#### Task:
Reproduce the records that follow exactly; any picture among them stays out.

#### The records:
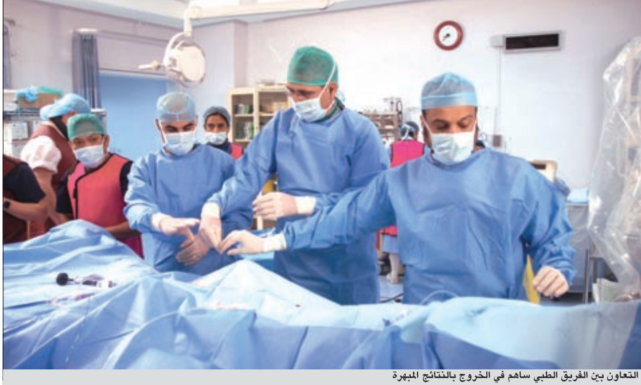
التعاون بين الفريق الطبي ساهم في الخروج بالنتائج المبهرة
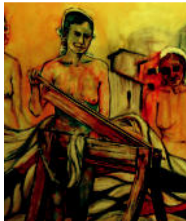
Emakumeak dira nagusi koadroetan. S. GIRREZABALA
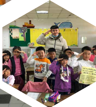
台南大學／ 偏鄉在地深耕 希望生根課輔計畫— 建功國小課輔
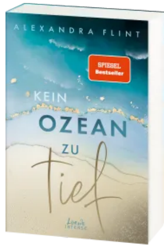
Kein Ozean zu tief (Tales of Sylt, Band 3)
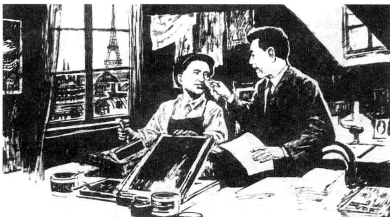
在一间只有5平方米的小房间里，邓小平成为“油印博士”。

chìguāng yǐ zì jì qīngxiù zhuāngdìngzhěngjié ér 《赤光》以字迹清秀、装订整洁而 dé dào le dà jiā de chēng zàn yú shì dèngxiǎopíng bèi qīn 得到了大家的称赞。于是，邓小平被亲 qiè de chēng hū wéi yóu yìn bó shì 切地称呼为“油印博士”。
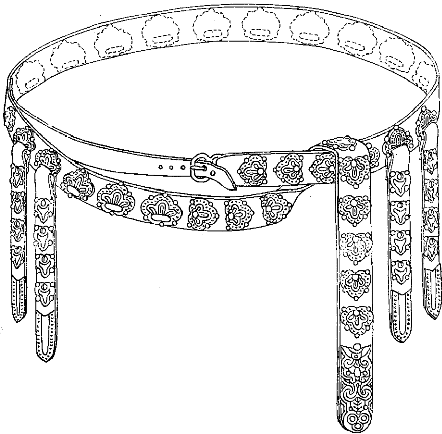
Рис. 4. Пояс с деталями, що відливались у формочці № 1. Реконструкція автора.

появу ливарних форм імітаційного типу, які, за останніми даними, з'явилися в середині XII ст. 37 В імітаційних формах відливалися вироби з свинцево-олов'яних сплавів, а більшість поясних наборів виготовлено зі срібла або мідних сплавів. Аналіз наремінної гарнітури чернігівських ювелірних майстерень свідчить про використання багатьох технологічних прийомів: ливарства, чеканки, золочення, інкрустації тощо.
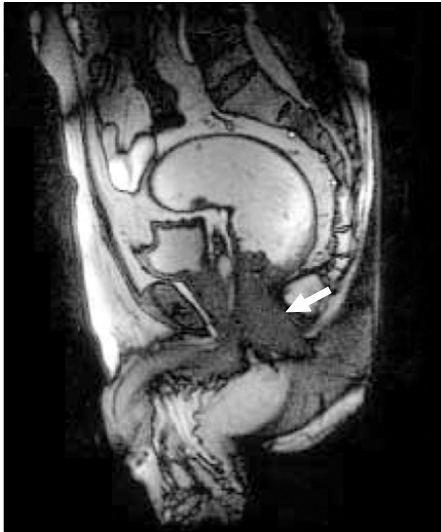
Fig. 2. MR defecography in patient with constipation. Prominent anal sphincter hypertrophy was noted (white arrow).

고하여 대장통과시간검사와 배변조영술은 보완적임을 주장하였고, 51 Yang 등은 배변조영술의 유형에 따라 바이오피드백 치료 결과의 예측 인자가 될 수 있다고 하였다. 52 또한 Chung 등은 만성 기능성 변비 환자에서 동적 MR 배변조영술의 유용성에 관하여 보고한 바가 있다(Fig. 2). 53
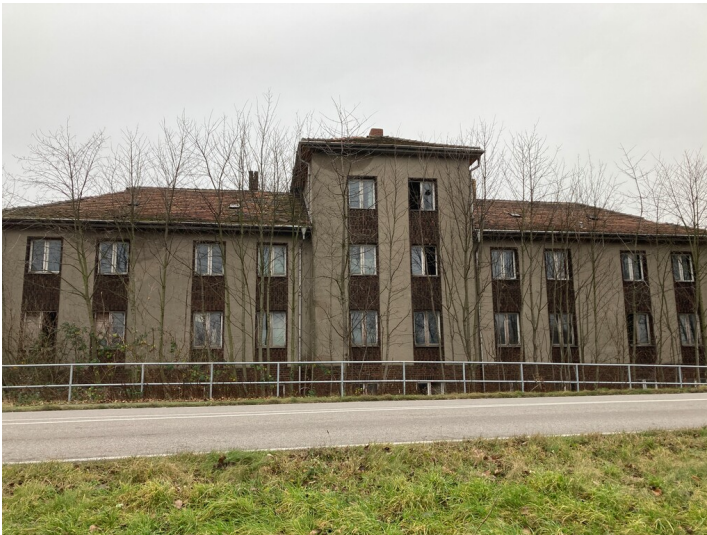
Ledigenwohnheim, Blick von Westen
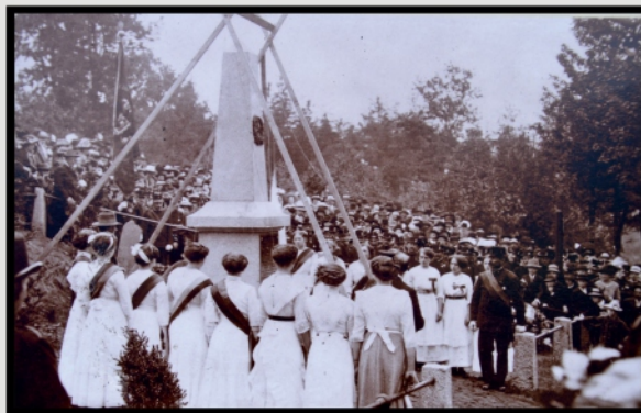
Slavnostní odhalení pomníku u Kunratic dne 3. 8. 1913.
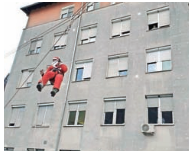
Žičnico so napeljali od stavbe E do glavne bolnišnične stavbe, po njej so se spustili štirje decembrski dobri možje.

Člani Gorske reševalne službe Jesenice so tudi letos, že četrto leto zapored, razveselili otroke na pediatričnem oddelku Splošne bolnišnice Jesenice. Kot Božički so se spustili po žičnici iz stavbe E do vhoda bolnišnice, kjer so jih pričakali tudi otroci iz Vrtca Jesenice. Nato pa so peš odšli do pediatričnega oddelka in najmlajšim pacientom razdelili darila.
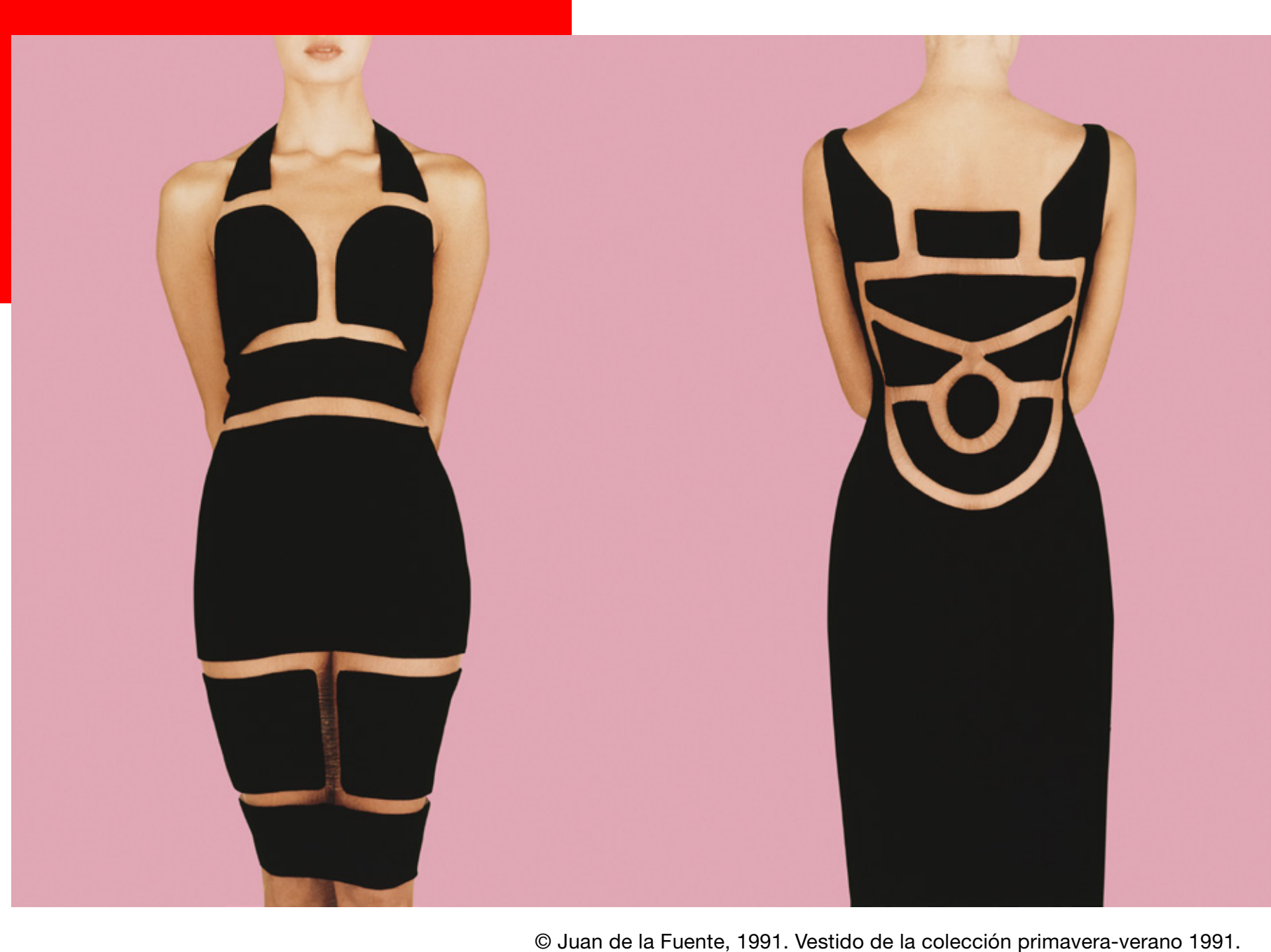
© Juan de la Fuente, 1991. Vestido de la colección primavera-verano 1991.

#### Output for this task:
التعاون بين الفريق الطبي ساهم في الخروج بالنتائج المبهرة
Emakumeak dira nagusi koadroetan. S. GIRREZABALA
台南大學／ 偏鄉在地深耕 希望生根課輔計畫— 建功國小課輔
Kein Ozean zu tief (Tales of Sylt, Band 3)
在一间只有5平方米的小房间里，邓小平成为“油印博士”。

chìguāng yǐ zì jì qīngxiù zhuāngdìngzhěngjié ér 《赤光》以字迹清秀、装订整洁而 dé dào le dà jiā de chēng zàn yú shì dèngxiǎopíng bèi qīn 得到了大家的称赞。于是，邓小平被亲 qiè de chēng hū wéi yóu yìn bó shì 切地称呼为“油印博士”。
Рис. 4. Пояс с деталями, що відливались у формочці № 1. Реконструкція автора.

появу ливарних форм імітаційного типу, які, за останніми даними, з'явилися в середині XII ст. 37 В імітаційних формах відливалися вироби з свинцево-олов'яних сплавів, а більшість поясних наборів виготовлено зі срібла або мідних сплавів. Аналіз наремінної гарнітури чернігівських ювелірних майстерень свідчить про використання багатьох технологічних прийомів: ливарства, чеканки, золочення, інкрустації тощо.
Fig. 2. MR defecography in patient with constipation. Prominent anal sphincter hypertrophy was noted (white arrow).

고하여 대장통과시간검사와 배변조영술은 보완적임을 주장하였고, 51 Yang 등은 배변조영술의 유형에 따라 바이오피드백 치료 결과의 예측 인자가 될 수 있다고 하였다. 52 또한 Chung 등은 만성 기능성 변비 환자에서 동적 MR 배변조영술의 유용성에 관하여 보고한 바가 있다(Fig. 2). 53
Ledigenwohnheim, Blick von Westen
Slavnostní odhalení pomníku u Kunratic dne 3. 8. 1913.
Žičnico so napeljali od stavbe E do glavne bolnišnične stavbe, po njej so se spustili štirje decembrski dobri možje.

Člani Gorske reševalne službe Jesenice so tudi letos, že četrto leto zapored, razveselili otroke na pediatričnem oddelku Splošne bolnišnice Jesenice. Kot Božički so se spustili po žičnici iz stavbe E do vhoda bolnišnice, kjer so jih pričakali tudi otroci iz Vrtca Jesenice. Nato pa so peš odšli do pediatričnega oddelka in najmlajšim pacientom razdelili darila.
© Juan de la Fuente, 1991. Vestido de la colección primavera-verano 1991.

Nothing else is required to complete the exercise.